In the power of prayer, with hands raised to heaven and open to others, we must ensure that this period of history, marked by war and the arrogance of power, soon comes to an end, giving rise to a new era. We cannot allow this period to continue. It shapes the minds of people who grow accustomed to war as a normal part of human history. Enough! This is the cry of the poor and the cry of the earth. Enough! Lord, hear our cry!
The Venerable Giorgio La Pira, a witness to peace, wrote the following to Saint Paul VI while serving in politics during challenging times: “We long for a different era of world history: the era of negotiation, the era of a new world without war.” Today, more than ever, these words can serve as a guide for humanity.
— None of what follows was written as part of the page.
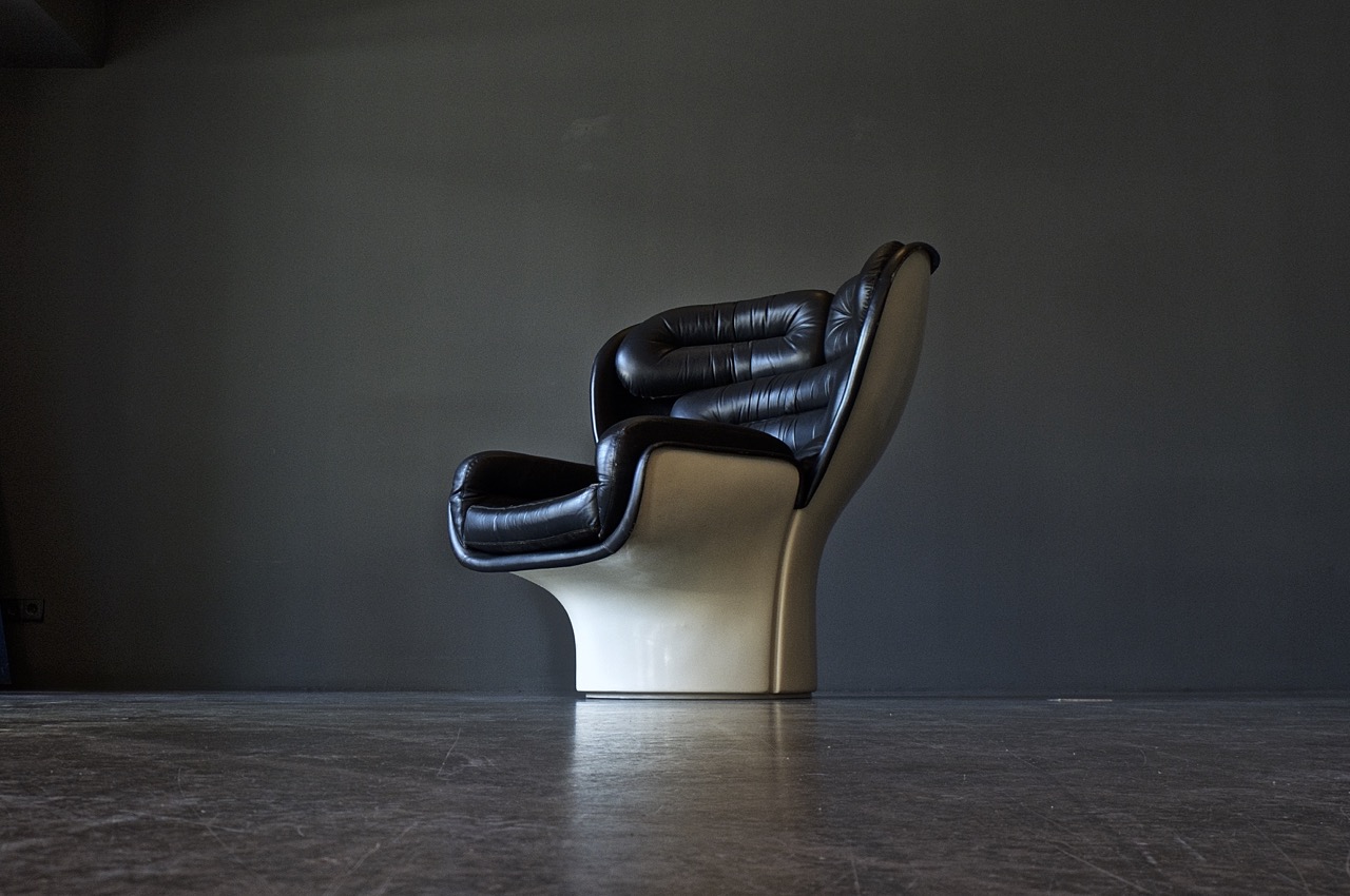 His best-known piece of furniture is the „Elda Chair“, named after his wife and designed 1963. The armchair consists of a fiberglass shell standing on a rotatable, invisible base and is upholstered with thick leather beads. We have an early version in the classic colours black and white currently in the showroom, good vintage condition.

The culture of reconciliation will overcome the current globalization of powerlessness, which seems to tell us that another era is impossible. Yes, dialogue, negotiation and cooperation are capable of addressing and resolving the tensions that arise in situations of conflict. They must do so! The necessary forums and people exist. “To put an end to war is a solemn duty before God incumbent on all those holding political responsibilities. Peace is the priority of all politics. God will ask an accounting of those who failed to seek peace, or who fomented tensions and conflicts. He will call them to account for all the days, months and years of war.”
As religious leaders, this is the heartfelt appeal that we make to those in positions of government. We share the desire for peace for all peoples. We are the voice of those who are not heard and the voiceless. We must “dare peace”!
Even if the world turns a deaf ear to this appeal, we are certain that God will hear our prayer and the cries of so many who suffer. God wants a world without war. He will free us from this evil!